Contributed by Jeff Risch
Elections have consequences. Indeed, there is no question that over the course of 2013, what certain employee-side advocacy groups may not be able to accomplish through federal legislation, will likely be achieved through administrative rulemaking and judicial activism. Of significance, the National Labor Relations Board (NLRB), a 5-member administrative agency comprised of the President’s hand-picked appointees, is set to continue the push for more of a presence in the day-to-day operations of the non-union workforce; regardless of industry. For example, the NLRB is set on pushing through a mandated “Employee Rights Poster.” Although this mandate is currently enjoined by a federal court’s preliminary injunction, the legal battle is far from over. It is anticipated that the NLRB will continue to fight for this mandate which would essentially require most employers to conspicuously post to its workforce their ability to effectively form a labor union.
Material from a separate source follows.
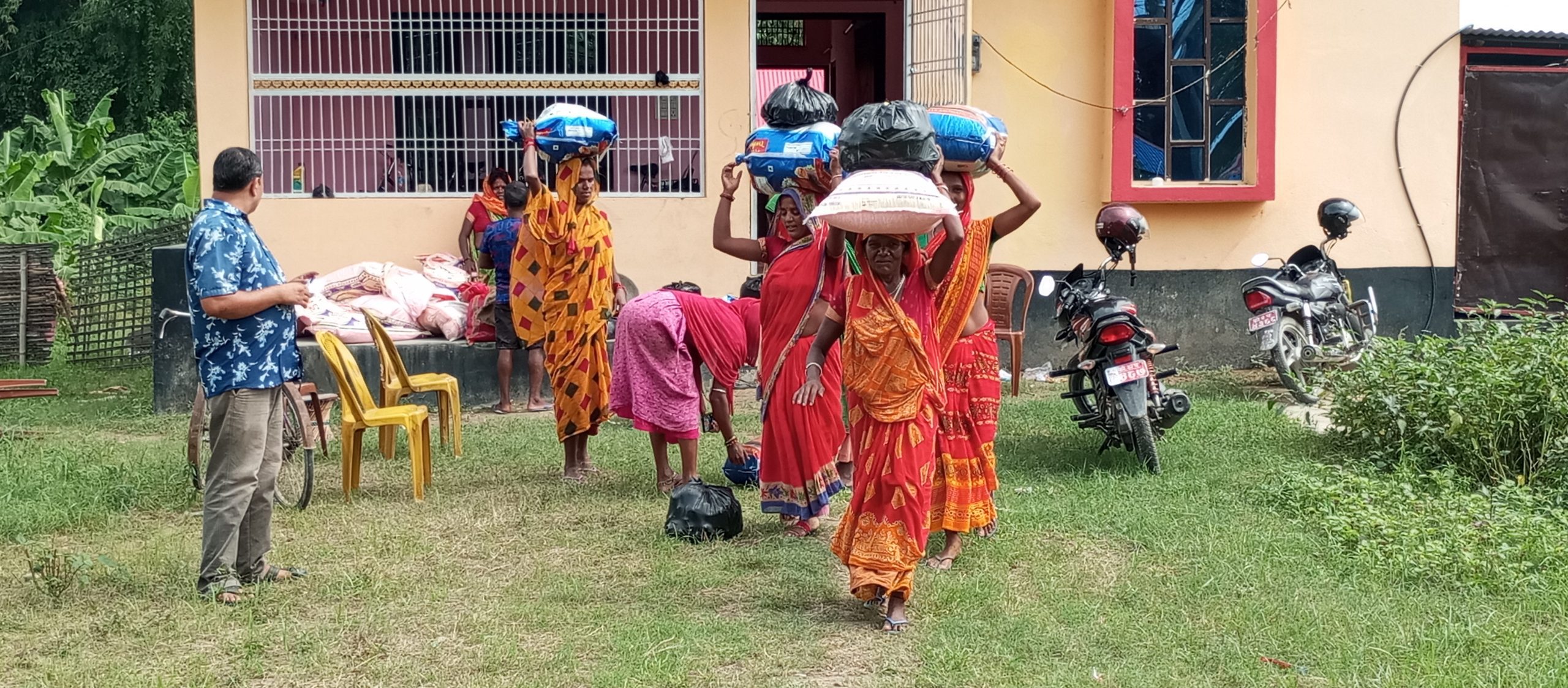 इनरुवा नगरपालिका वडा नम्बर ९ बबियाको सुनसरी खोला किनारमा बस्ने शर्मा समुदायको १२ परिवारलाई खाध्यान्न वितरण गरेको हो।

Additionally, the NLRB will continue to seek a quicker process to administer and hold a union election. Under current administrative processing and legal precedent, a secret ballot union election is typically commenced within 42 days from the time a labor union petitions for recognition. The NLRB seeks to dramatically reduce this time period by as much as 30 days thereby providing employers with a shorter window by which to effectively campaign against the labor organization in the run up to the election. Finally, the NLRB will continue the onslaught attack on an employer’s policies. From “employment at-will disclaimers” to “union access rules” to “social media restrictions,” the NLRB is proactively targeting employers and reviewing any policy that would have any tendency to “chill” the employees’ rights to form a labor union or complain about terms and conditions of employment. Now is the time to review handbooks and all policies with an eye on labor law even in non-union work environments.
The U.S. Department of Labor (DOL) will continue to be well-funded. The DOL has been consistently hiring auditors and investigators to crack down on:
- The utilization of independent contractors;
- Failure to pay overtime (especially in the context of exempt vs. non-exempt classification);
- Non-compliance with mandated affirmative action for employers doing business with the federal government; and
- Construction contractors’ failure to comply with federal prevailing wage requirements (Davis-Bacon & Related Acts).
Health care reform is here to stay! Mandatory compliance is already underway. Although the specifics will continue to trickle in as time passes and in the run up to January 1, 2014, employers must take note of new mandates. Of particular short-term and long-term significance is that the new full-time employee will be deemed anyone who regularly works thirty (30) hours or more per week. Employers may want to evaluate how they have defined full-time vs. part-time employment and the varying benefit plans that involve the full-time vs. part-time distinction.
The U.S. Supreme Court is set to weigh in on critical issues that will have a profound impact on harassment/discrimination issues as well as wage/hour controversies. The Supreme Court will also likely weigh in on continuous legal challenges and issues dealing with immigration and health care reform for the foreseeable future.
Be assured that SmithAmundsen’s labor and employment practice group will continue to be engaged on the frontline of such developments. In fact, our partners will soon be meeting with NLRB Chairman, Mark Pearce in Washington D.C. to gather additional perspective, and we will continue to participate in local, regional and national initiatives involving key administrative agencies.